Other cancers. Additional cancers reported in individuals with NTHL1 tumor syndrome include urothelial carcinoma of the bladder, unspecified brain tumors, basal cell carcinomas, head and neck squamous cell carcinomas, and hematologic malignancies [Rivera et al 2015, Weren et al 2015, Belhadj et al 2017, Grolleman et al 2019, Beck et al 2022]. Grolleman et al [2019] reported the presence of multiple primary tumors in 16 of 29 individuals (55%). Based on these findings, the cumulative lifetime risk of developing extracolonic cancer by age 60 years was estimated at 35% to 78% (95% CI) [Grolleman et al 2019].

Benign extraintestinal manifestations reported in some individuals include skin hemangiomas, seborrheic keratosis, and intradermal nevi; ovarian and hepatic cysts; and breast papillomas. To date, the number of individuals reported with these features is low and an association with NTHL1 tumor syndrome is unclear.

NTHL1 heterozygotes. To date, there is no evidence that NTHL1 heterozygotes are at increased risk for colorectal cancer [Elsayed et al 2020, Beck et al 2022]. A low-to-moderate increased risk for breast cancer has been reported [Li et al 2021, Nurmi et al 2023]. A previously reported individual with breast cancer had a germline heterozygous NTHL1 variant (NM_002528.6:c.859C>T [p.Gln287Ter]) and loss of heterozygosity in tumor tissue [Nik-Zainal et al 2016, Drost et al 2017].

Genotype-Phenotype Correlations

No clinically relevant genotype-phenotype correlations have been identified.

Nomenclature

This condition has been referred to as NTHL1 polyposis and familial adenomatous polyposis 3 (OMIM 616415), a term that emphasizes the similarity with MUTYH polyposis [Belhadj et al 2017, Groves et al 2019, Valle et al 2019]. Considering the broad tumor spectrum reported in individuals with biallelic NTHL1 pathogenic variants and the fact that the diagnosis has been identified in individuals without CRC and/or (suspected) polyposis, the term NTHL1 tumor syndrome is preferred.

Prevalence

The prevalence of NTHL1 tumor syndrome is unknown.
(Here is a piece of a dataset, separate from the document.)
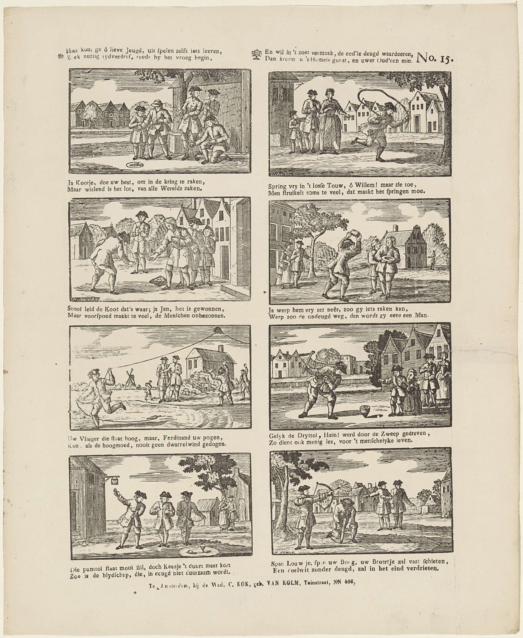 Blad met 8 voorstellingen van kinderspelen, waaronder touwtjespringen, vliegeren en tollen. Onder elke afbeelding een tweeregelig vers. Genummerd rechtsboven: No. 15.

Based on the prevalence of NTHL1 pathogenic variants in the population, it has been estimated that in Europeans, NTHL1 tumor syndrome would occur with a frequency approximately one fifth (1:114,770) that of MUTYH polyposis (1:19,079) [Weren et al 2018].

Evaluations Following Initial Diagnosis

To establish the extent of disease and needs in an individual diagnosed with NTHL1 tumor syndrome, the evaluations summarized in Table 3 (if not performed as part of the evaluation that led to the diagnosis) are recommended.

Treatment of Manifestations

Supportive care to improve quality of life, maximize function, and reduce complications is recommended. This ideally involves multidisciplinary care by specialists in relevant fields (see Table 4). In general, the treatment regarding gastrointestinal tumors is similar to that of familial adenomatous polyposis (FAP) and attenuated familial adenomatous polyposis (AFAP) (see APC-Associated Polyposis Conditions).

Surveillance

To monitor existing manifestations, the individual's response to supportive care, and the emergence of new manifestations, the evaluations summarized in Table 5 are recommended.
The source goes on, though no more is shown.